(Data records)
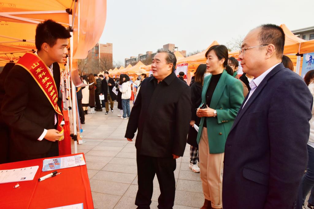 “八方来校招贤纳士,四海资源齐聚一堂”,在疫情防控常态化的今天,这般人山人海、现场交流的线下招聘会已非寻常。11月16日,在米兰在线手机版(大中国区)青岛校区举办的“就选山东”山东省2021年高校毕业生集中招聘活动暨米兰在线手机版(大中国区)“大使代言,助你就业”秋冬校园双选会上,应届毕业生却在感兴趣的企业展位前排起了长队,与招聘单位面对面谈得起劲。仔细一看,进行企业宣介并代收求职简历的不是招聘单位,而是受企业委托的“校园大使”;滚动播放的企业宣传视频中不乏科大年轻校友的身影;现场宣讲就业相关政策、为毕业生解疑释难的是电子大屏,实时连线的是相关地市人社局;直播间里,山东港口集团等六家知名企业开展远程“职”播带岗,与毕业生直接沟通,推介企业岗位……“大使代言,助你就业”招聘大集就这样火热开市。校长姚庆国,校党委常委、宣传部部长李克周及相关职能部门负责人到招聘会现场调研就业情况,亲自体验扫码、观看直播等活动,与提前来求职的毕业生们亲切交流。
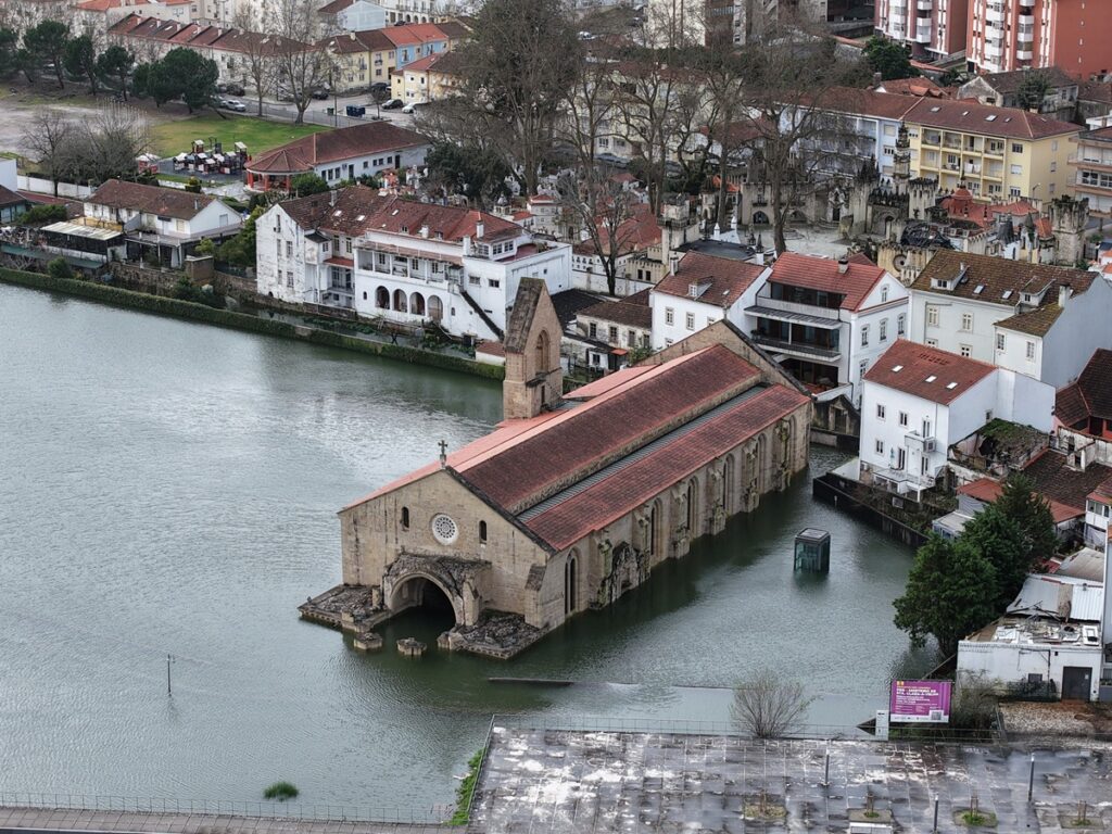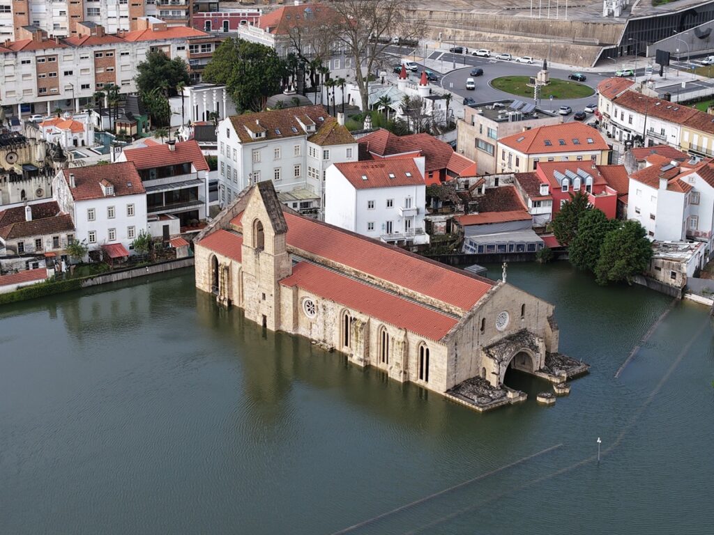 Várias fotos mostram o Mosteiro de Santa Clara-a-Velha, em Coimbra, rodeado de água.
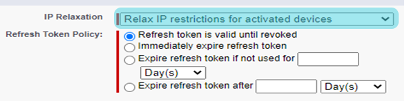 - Also, in the created connected App, edit the policies and choose the below settings.
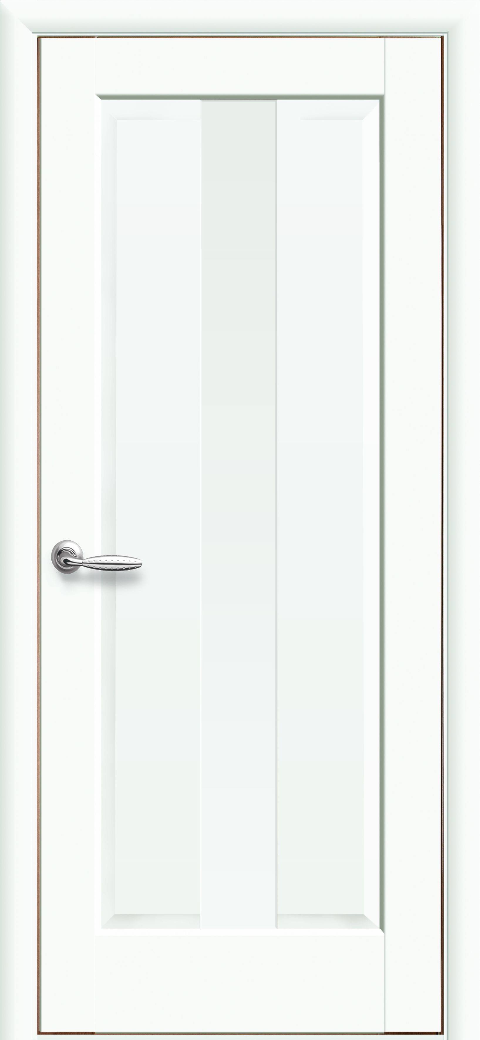 Межкомнатная дверь Премьера Новый стиль сочетает в себе неоклассический стиль и постмодерн. Полотно разделено на три части продолговатыми прямоугольниками. Две крайние части – одинаковые, расположенные на высшем уровне относительно средней части. Она как раз и представляет собой украшение полотна. Дверь Премьера может быть остекленной в этой части матовым или черным стеклом с рисунком или без. Есть модели с гравировкой и прозрачным контуром на стекле.
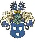 - Schild: In blau drei silberne Schilde (2,1). Helm: Bügelhelm. Helmzier: Adelskrone mit offenem Flug in blau mit je drei silbernen Schilden. Halskleinod.
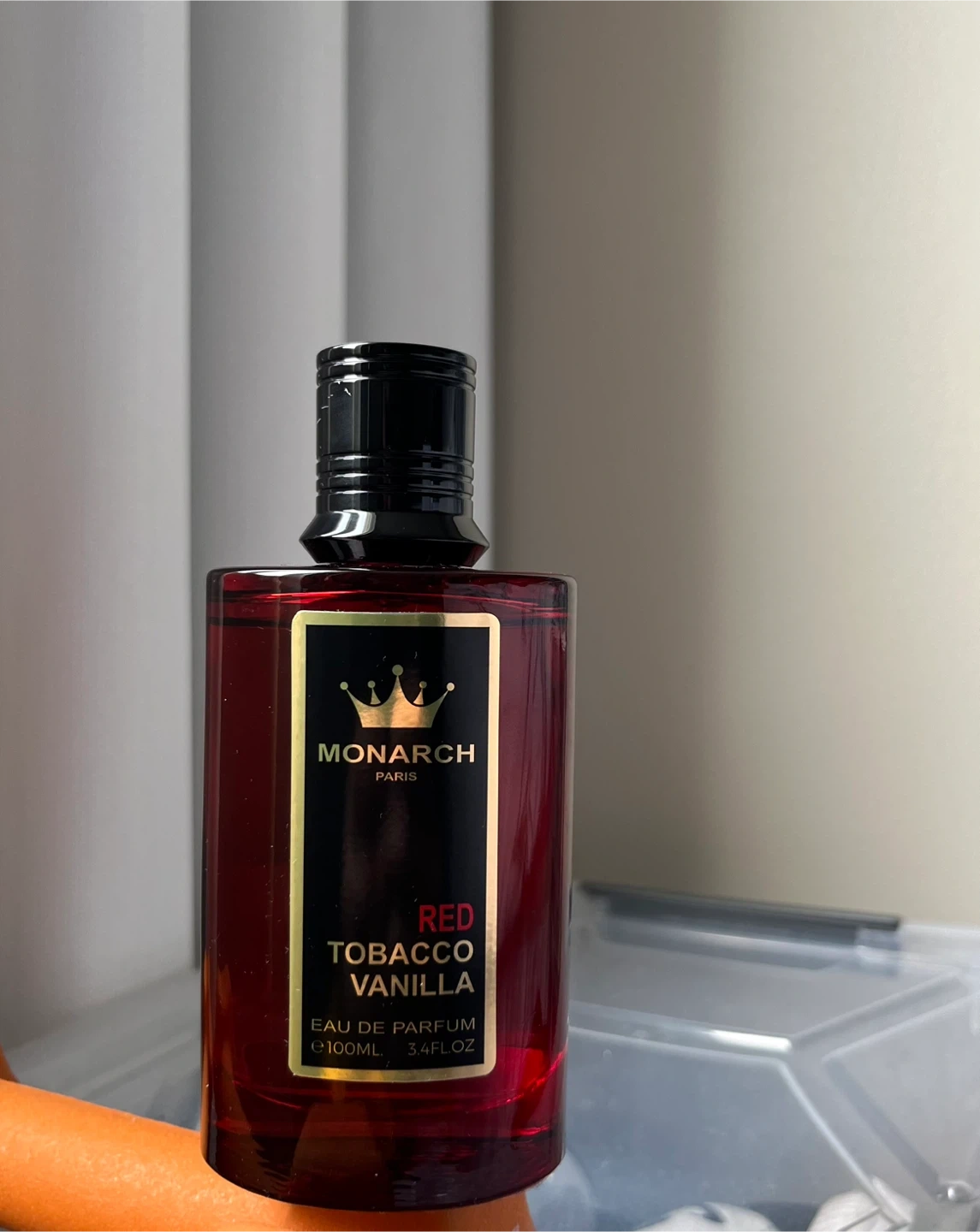 Monarch Paris Red Tobacco Vanilla Eau de Parfum. It's a 100ml bottle. This fragrance features notes of tobacco and vanilla. It's a great scent for evening wear.
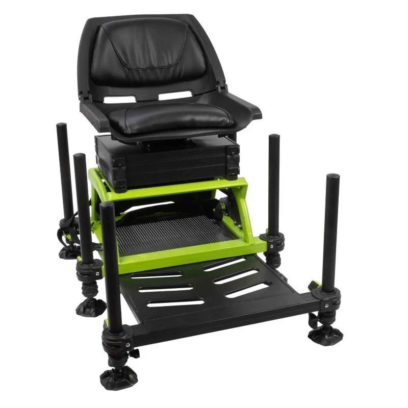 MX36 Pro to topowe siedzisko wyczynowe charakteryzujące się niezbędną stabilnością i możliwością regulacji. Wzbogacony o boczną szufladę, dodatkowe gwinty w nogach D36 oraz pojemną półkę pod obrotowym siedziskiem, na zanęty czy dodatkowe bagaże.
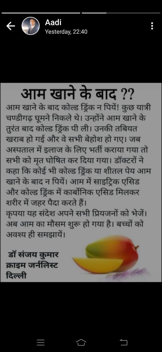 Don’t drink cold fizzy drinks immediately after eating Mango.
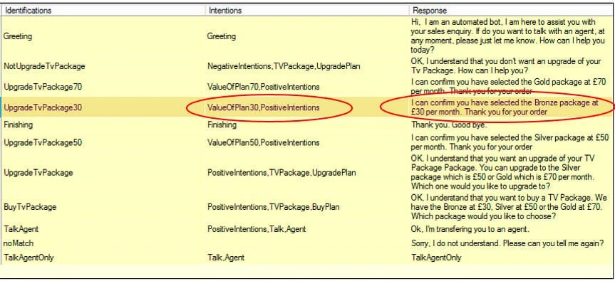 For instance, if the NLP system recognizes words belonging to the ‘Positive Intentions,’ ‘TV Packages,’ and ‘Upgrade’ intents, the amalgamation of these three categories enables the NLP system to ascertain the overall intent of the phrase. In this case, it discerns that the customer intends to upgrade their TV package, as illustrated in Figure 3.
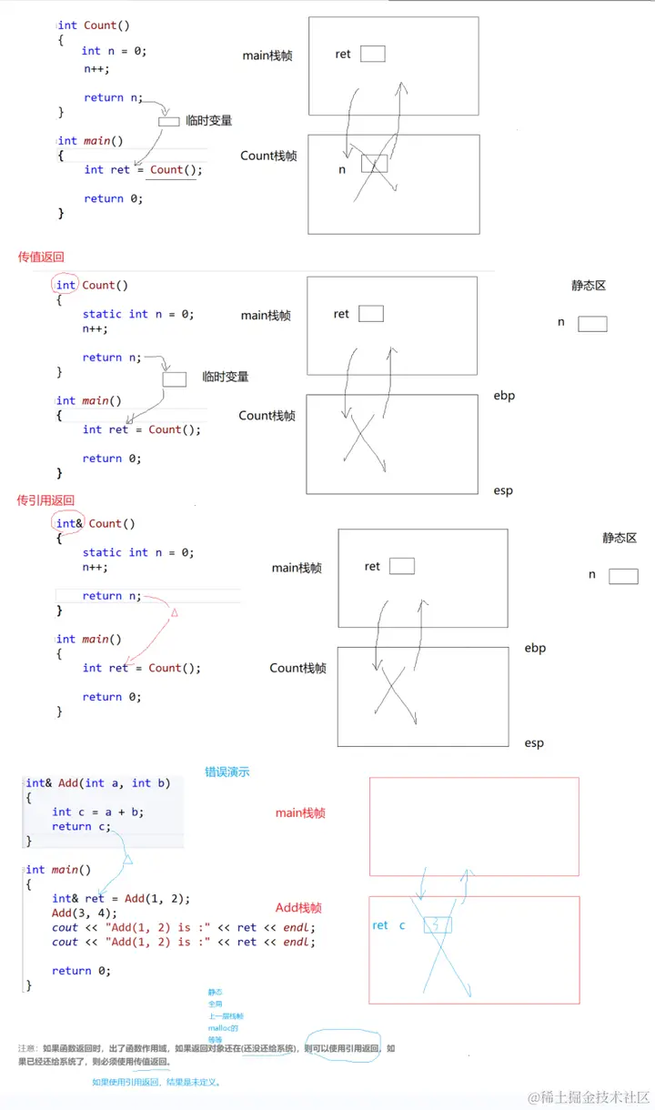 第一种是没有static,count的函数栈帧结束后,n的值传给临时变量,这个临时变量是在寄存器或者main函数里面开辟的,此时count函数栈帧被销毁还给操作系统,临时变量再赋值给main函数中的ret。
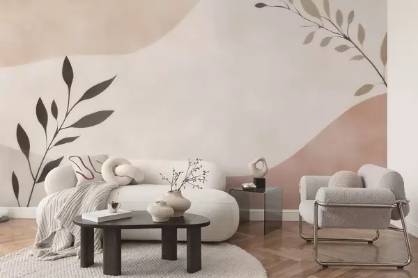 Murais de parede Ondas abstratas em tons de bege-pêssego com ramos Nr. w09722
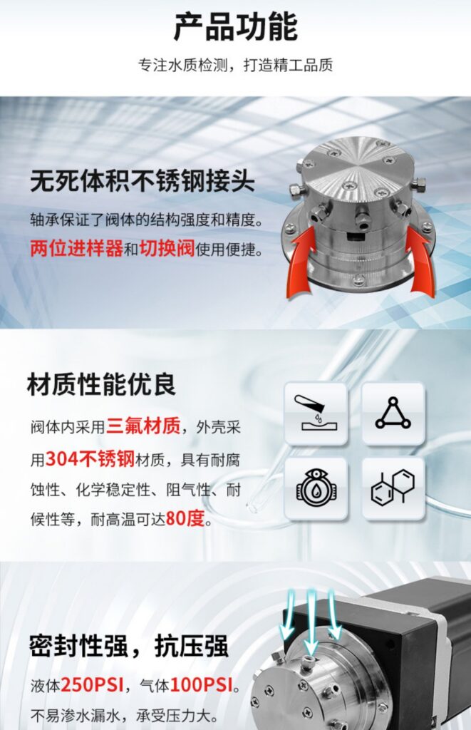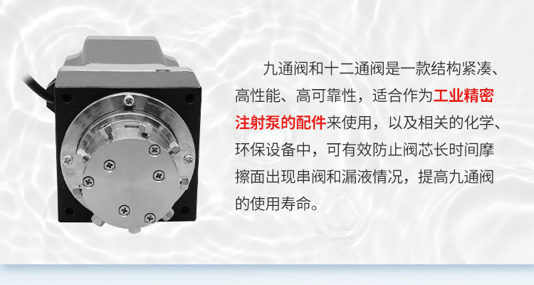 水質(zhì)九通閥十二通閥是一款結(jié)構(gòu)緊湊、高性能、高可靠性的閥門,是水質(zhì)在線監(jiān)測(cè)設(shè)備的配件,適合作為工業(yè)精密注射泵的配件來使用,以及相關(guān)的化學(xué)、環(huán)保設(shè)備中,可有效防止閥芯長(zhǎng)時(shí)間摩擦面出現(xiàn)串閥和漏液情況,提高水質(zhì)九通閥的使用壽命。閥體內(nèi)采用三氟材質(zhì),外殼采用304不銹鋼材質(zhì),具有耐腐蝕性、化學(xué)穩(wěn)定性、阻氣性、耐候性等,耐高溫可達(dá)80度。

Brief
Give again, exactly, the lines starting at the first entry above and ending at the line with "Межкомнатная дверь Премьера"; please leave pictures out.

Answer area
 “八方来校招贤纳士,四海资源齐聚一堂”,在疫情防控常态化的今天,这般人山人海、现场交流的线下招聘会已非寻常。11月16日,在米兰在线手机版(大中国区)青岛校区举办的“就选山东”山东省2021年高校毕业生集中招聘活动暨米兰在线手机版(大中国区)“大使代言,助你就业”秋冬校园双选会上,应届毕业生却在感兴趣的企业展位前排起了长队,与招聘单位面对面谈得起劲。仔细一看,进行企业宣介并代收求职简历的不是招聘单位,而是受企业委托的“校园大使”;滚动播放的企业宣传视频中不乏科大年轻校友的身影;现场宣讲就业相关政策、为毕业生解疑释难的是电子大屏,实时连线的是相关地市人社局;直播间里,山东港口集团等六家知名企业开展远程“职”播带岗,与毕业生直接沟通,推介企业岗位……“大使代言,助你就业”招聘大集就这样火热开市。校长姚庆国,校党委常委、宣传部部长李克周及相关职能部门负责人到招聘会现场调研就业情况,亲自体验扫码、观看直播等活动,与提前来求职的毕业生们亲切交流。
 Várias fotos mostram o Mosteiro de Santa Clara-a-Velha, em Coimbra, rodeado de água.
 - Also, in the created connected App, edit the policies and choose the below settings.
 Межкомнатная дверь Премьера Новый стиль сочетает в себе неоклассический стиль и постмодерн. Полотно разделено на три части продолговатыми прямоугольниками. Две крайние части – одинаковые, расположенные на высшем уровне относительно средней части. Она как раз и представляет собой украшение полотна. Дверь Премьера может быть остекленной в этой части матовым или черным стеклом с рисунком или без. Есть модели с гравировкой и прозрачным контуром на стекле.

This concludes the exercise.